Input data
----

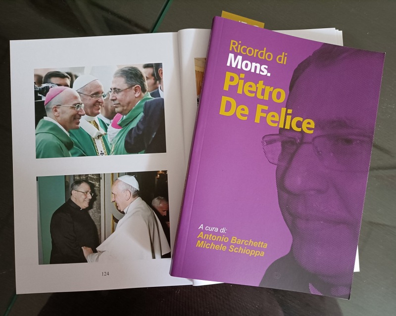 Circa la pubblicazione consegnata ai vescovi, al clero e alla famiglia, va detto che l’elegante pubblicazione a colori, ricchissima di contributi fotografici che riepilogano l’intera vita del protagonista, dal titolo “Ricordo di Mons. Pietro De Felice” (a cura di Antonio Barchetta e Michele Schioppa, edizione Associazione Culturale Musicale Onlus “Aniello Barchetta”, Tipi Depigraf, Caserta 2022) è disponibile a quanti hanno avuto il privilegio di conoscerlo e non solo; è possibile, per coloro i quali lo desiderassero, richiedere una copia della stessa in quelle serate o presso dall’Associazione Culturale Musicale Onlus “Aniello Barchetta” di Maddaloni, a fronte di un contributo simbolico per i costi tipografici
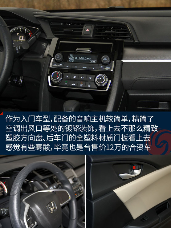 十代思域的內(nèi)飾精干又很有層次感,1.0T車型只是在用料上簡化了些,空調(diào)出風(fēng)口等處去掉了鍍鉻裝飾,看起來有點(diǎn)素。帶大屏幕的娛樂系統(tǒng)自然不會(huì)保留,換上的音響主機(jī)聽音樂、藍(lán)牙免提這些基本功能還是齊備的,不過車內(nèi)音響系統(tǒng)就只有兩個(gè)前門上各有一個(gè)的喇叭了。
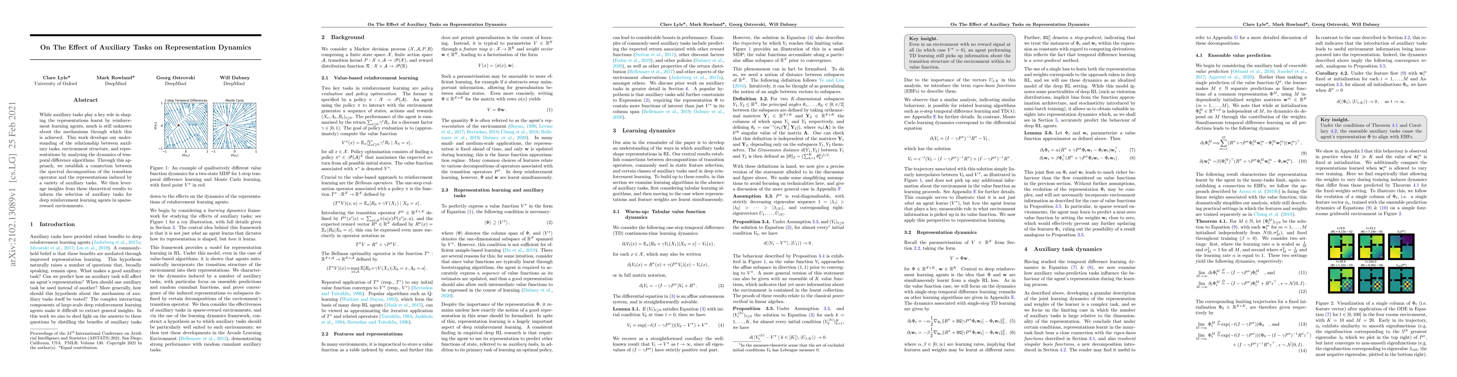 While auxiliary tasks play a key role in shaping the representations learnt by reinforcement learning agents, much is still unknown about the mechanisms through which this is achieved. This work develops our understanding of the relationship between auxiliary tasks, environment structure, and representations by analysing the dynamics of temporal difference algorithms. Through this approach, we establish a connection between the spectral decomposition of the transition operator and the representations induced by a variety of auxiliary tasks. We then leverage insights from these theoretical results to inform the selection of auxiliary tasks for deep reinforcement learning agents in sparse-reward environments.

----

Exercise objective
The copy must begin with the line containing "十代思域的內(nèi)飾精干", end with the last line of the material, match each line exactly, and hold no pictures.

Written answer
 十代思域的內(nèi)飾精干又很有層次感,1.0T車型只是在用料上簡化了些,空調(diào)出風(fēng)口等處去掉了鍍鉻裝飾,看起來有點(diǎn)素。帶大屏幕的娛樂系統(tǒng)自然不會(huì)保留,換上的音響主機(jī)聽音樂、藍(lán)牙免提這些基本功能還是齊備的,不過車內(nèi)音響系統(tǒng)就只有兩個(gè)前門上各有一個(gè)的喇叭了。
 While auxiliary tasks play a key role in shaping the representations learnt by reinforcement learning agents, much is still unknown about the mechanisms through which this is achieved. This work develops our understanding of the relationship between auxiliary tasks, environment structure, and representations by analysing the dynamics of temporal difference algorithms. Through this approach, we establish a connection between the spectral decomposition of the transition operator and the representations induced by a variety of auxiliary tasks. We then leverage insights from these theoretical results to inform the selection of auxiliary tasks for deep reinforcement learning agents in sparse-reward environments.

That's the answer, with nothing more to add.